## ACTIVITY
Any picture in the range stays out of the copy; retype exactly the lines from the one with "式中:Qk,热泵冷凝器制热量" to the end of the listing.

## SUPPLIED DATA

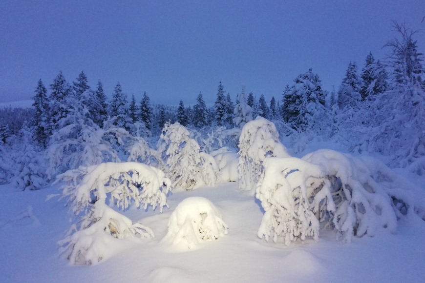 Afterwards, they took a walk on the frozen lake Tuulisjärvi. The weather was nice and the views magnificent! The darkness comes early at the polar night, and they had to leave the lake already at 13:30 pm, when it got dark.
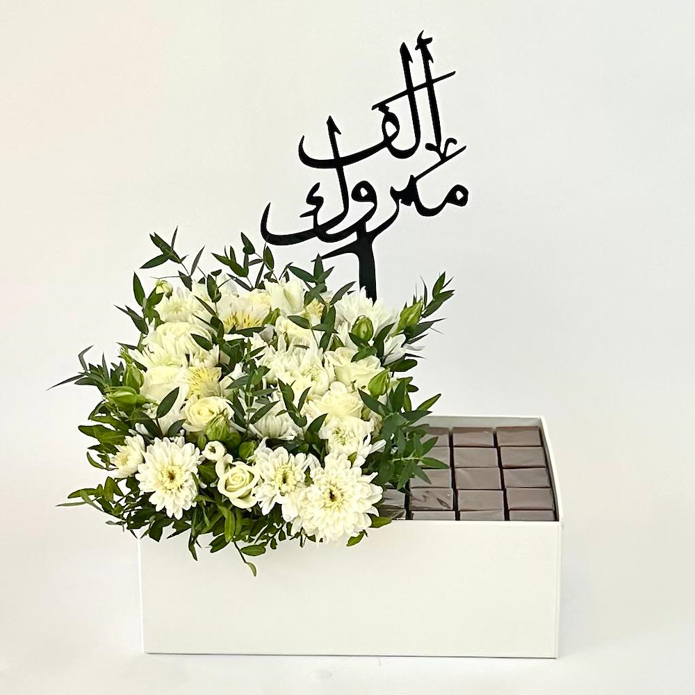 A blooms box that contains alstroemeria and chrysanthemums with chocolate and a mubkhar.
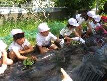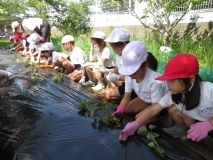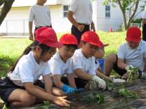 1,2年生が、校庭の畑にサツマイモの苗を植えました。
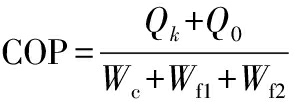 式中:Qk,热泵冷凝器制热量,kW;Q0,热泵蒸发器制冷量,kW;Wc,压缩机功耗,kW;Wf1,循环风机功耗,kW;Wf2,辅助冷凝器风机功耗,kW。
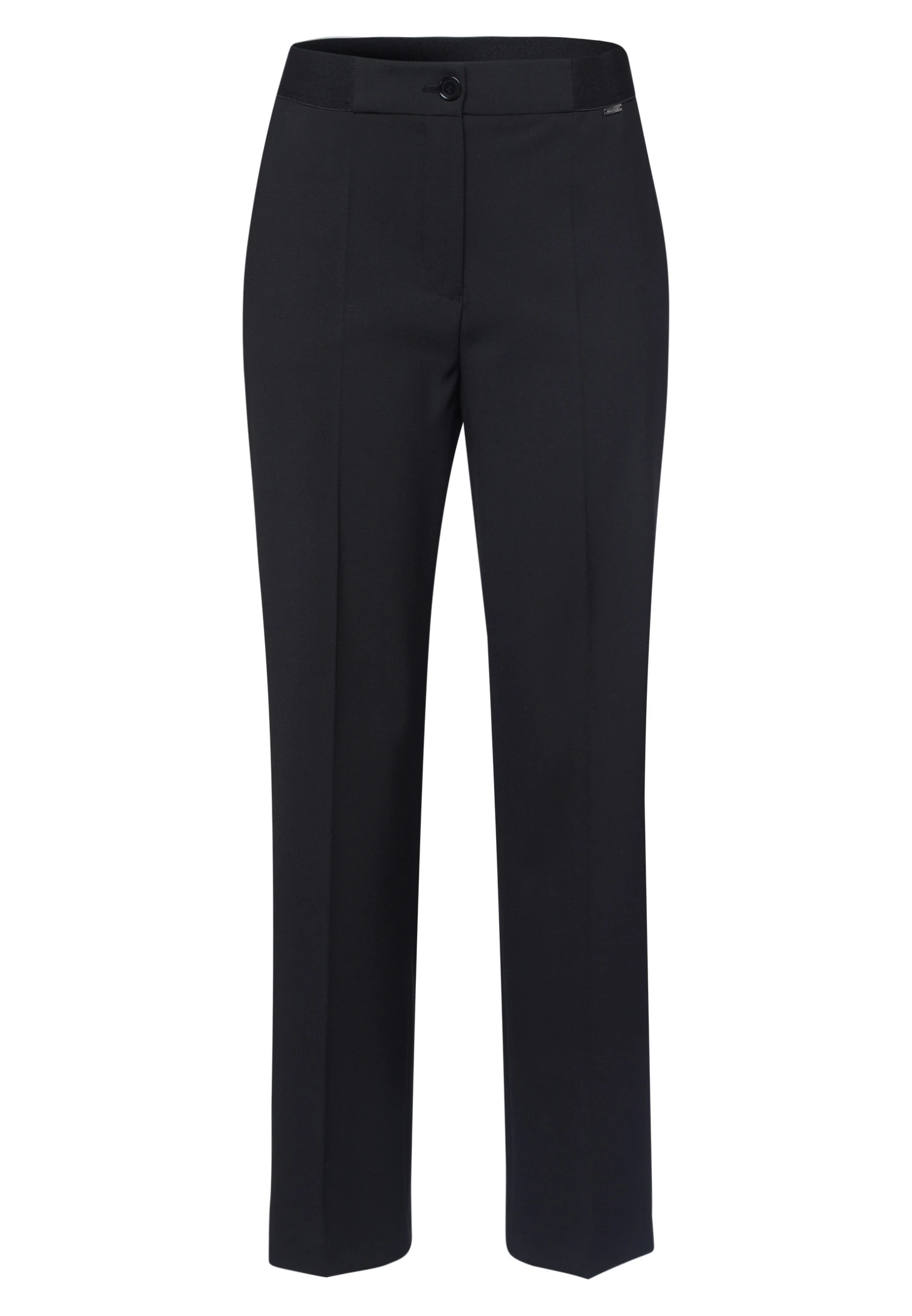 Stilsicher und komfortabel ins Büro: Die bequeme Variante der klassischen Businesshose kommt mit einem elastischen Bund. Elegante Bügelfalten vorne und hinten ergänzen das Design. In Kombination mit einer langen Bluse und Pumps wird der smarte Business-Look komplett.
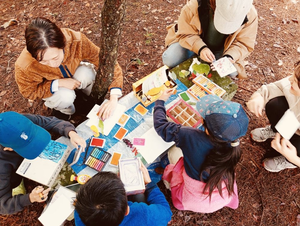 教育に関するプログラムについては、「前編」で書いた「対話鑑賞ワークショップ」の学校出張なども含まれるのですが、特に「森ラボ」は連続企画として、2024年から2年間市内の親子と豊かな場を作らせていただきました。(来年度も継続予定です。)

## SOLUTION TO THE EXERCISE
 式中:Qk,热泵冷凝器制热量,kW;Q0,热泵蒸发器制冷量,kW;Wc,压缩机功耗,kW;Wf1,循环风机功耗,kW;Wf2,辅助冷凝器风机功耗,kW。
 Stilsicher und komfortabel ins Büro: Die bequeme Variante der klassischen Businesshose kommt mit einem elastischen Bund. Elegante Bügelfalten vorne und hinten ergänzen das Design. In Kombination mit einer langen Bluse und Pumps wird der smarte Business-Look komplett.
 教育に関するプログラムについては、「前編」で書いた「対話鑑賞ワークショップ」の学校出張なども含まれるのですが、特に「森ラボ」は連続企画として、2024年から2年間市内の親子と豊かな場を作らせていただきました。(来年度も継続予定です。)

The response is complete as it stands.